Congress Presses Forward on Improper Payments

Today, the House passed the Improper Payments Elimination and Recovery Act (IPERA), legislation that will help rein in improper payments and save taxpayer dollars. As I’ve written about before, "improper payment" is an umbrella term that covers a number of financial transactions — overpayments to individuals or firms is one example; benefit payments to ineligible program participants is another. That is to say, an improper payment occurs when the federal government pays the wrong amount, the wrong person, or at the wrong time. In 2009, taxpayers lost $98 billion in wasteful improper payments by the federal government to individuals, organizations, and contractors — with $54 billion of that amount stemming from Medicare and Medicaid.  These errors and mistakes are unacceptable — and the passage of the IPERA bill is an important step forward in curbing these wasteful payments.
 
This legislation, sponsored by Congressman Patrick Murphy of Pennsylvania, would do the following:    
  • Put into law a monetary and percentage threshold for defining a program as susceptible to significant improper payments and make that threshold more rigorous over time.
     
  • Reduce the monetary thresholds that define what agencies and programs must conduct payment recapture audits from $500 million to $1 million. Payment recapture audits are investigations in which specialized private sector auditors use cutting-edge technology and tools to scrutinize government payments and then find and reclaim taxpayer funds made in error or gained through fraud. These auditors can be compensated based on the amount of improper payments they identify that are then reclaimed — providing a powerful incentive to find every error;
     
  • Expand the payment recapture audit requirement beyond contract payments to include benefit, grant, and loan payments;
     
  • Add sanctions for programs that are deemed non-compliant with the law; and
     
  • Allow OMB to conduct pilots to test accountability mechanisms with appropriate incentives and consequences tied to success in eliminating and recovering program errors.

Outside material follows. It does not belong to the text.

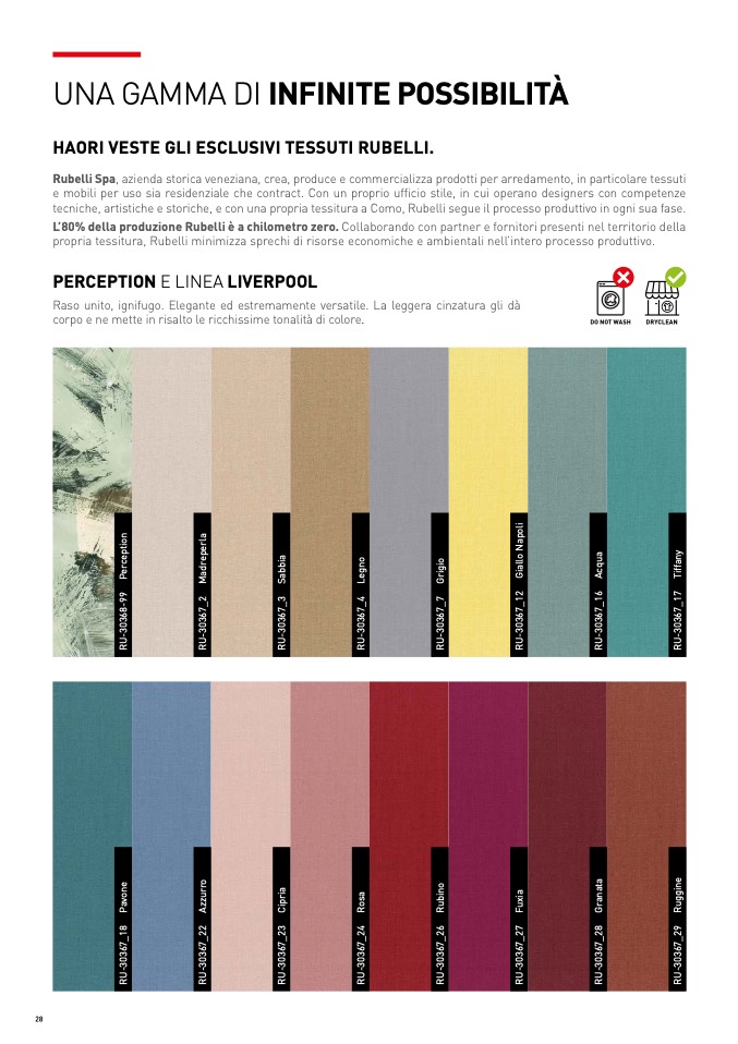 Raso unito, ignifugo. Elegante ed estremamente versatile. La leggera cinzatura gli d

Congressman Murphy’s bill (which Senator Tom Carper is pushing in the Senate) builds on the executive order the President issued in November to curb improper payments by boosting transparency, holding agencies accountable, and creating strong incentives for compliance. As we work to implement this executive order, this legislation will help the federal government cut down on waste and make the right payments to the right people at the right time.